HDSheep

Welcome to the HD Sheep Model (OVT73) data exploration tool.

Huntington's Disease (HD) is an autosomal dominantly inherited genetic disorder characterised by spontaneous movements, cognitive impairment, psychiatric disturbance and progressive neurodegeneration OMIM # 143100.

Thanks to our collaborating partners:



This project was initiated and supported through the generosity of the Freemasons Foundation and Freemasons of New Zealand.



Datasets Presented in this Project

The datasets presented in this application have been collected from a single cohort of 5-year-old OVT73 (n=6) and control (n=6) sheep. Harvest information for each of the 12 samples is provided in the table below. An overview of each dataset, including experimental design, is in preparation and will be accessible in the publication "A multi-omic transgenic sheep database for exploratory investigation of Huntington's disease pathogenesis".

Please look at the presented journal papers here and on the home page to read on the research that has previously been conducted on these datasets.

Individual datasets can be downloaded using the drop-down box below:



Datasets can be downloaded using the drop-down box below:
Download Dataset








Student's T-test

This exploratory analysis allows individual variables to be investigated within each dataset, comparing data derived from the HD transgenic (OVT73) sheep to controls. The individual measurements for each animal are visualised using box-plots, with each animals' unique identifier number displayed. Student's t-test is then applied as a measure for comparison (transgenic versus control), producing a p-value to assess the level of significance. In addition, a second p-value for significance is generated, using a linear model to fit sex into the transgenic versus control comparison. A p-value < 0.05 is considered statistically significant at the nominal level.

Please note: Due to small sample sizes this p-value is exploratory and should only be used as an initial indicator of transgenic versus control differences. It is not adjusted for multiple testing. The next page (Bootstrap and Permutation Tests) can be used to generate a more reliable p-value.
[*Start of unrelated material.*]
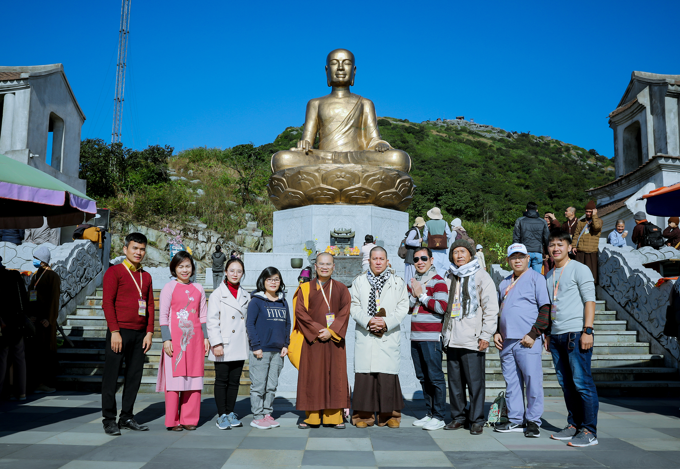 Trải nghiệm tiếp theo là Tượng Phật hoàng Trần Nhân Tông được đúc liền khối bằng đồng nguyên chất. Tượng đúc ngồi trên bệ được làm bằng bê tông cốt thép ốp đá điêu khắc cao 2,7 mét, phần đài sen và tượng cao 9,9 mét. Tổng thể tượng cao 12,6m, trọng lượng nặng 138 tấn được dựng trên khu đất rộng 2.200 m2. TT. Giác Hoàng - trưởng đoàn đã tổ chức chương trình niêm hương bạch Phật và cùng đại chúng tụng một thời kinh cầu cho Quốc thái dân an, chúng sinh được an lạc.

The plots can be downloaded as a PDF by selecting the "Download" button at the bottom of the selection box.



Bootstrap and Permutation Tests

Bootstrap and permutation tests are useful statistical tools that can be performed when sample sizes in the discrete groups are small, thus overcoming the problem of small sample number. Each statistical test can be applied to individual variables of interest within each dataset.

The bootstrap test is used to identify the probability of observing the true group mean for a variable (the sum of the observed values, divided by the number of samples), given the expression values observed in the sheep. This is done for both the transgenic and control samples. The test relies on random sampling with replacement, and allows the estimation of the sampling distribution. By bootstrapping the expression values and taking the mean 1000 times, a spread of possible group means is presented as a histogram for transgenic (red) and control (blue) groups. The true group mean within each group is displayed on the graph as the solid vertical lines.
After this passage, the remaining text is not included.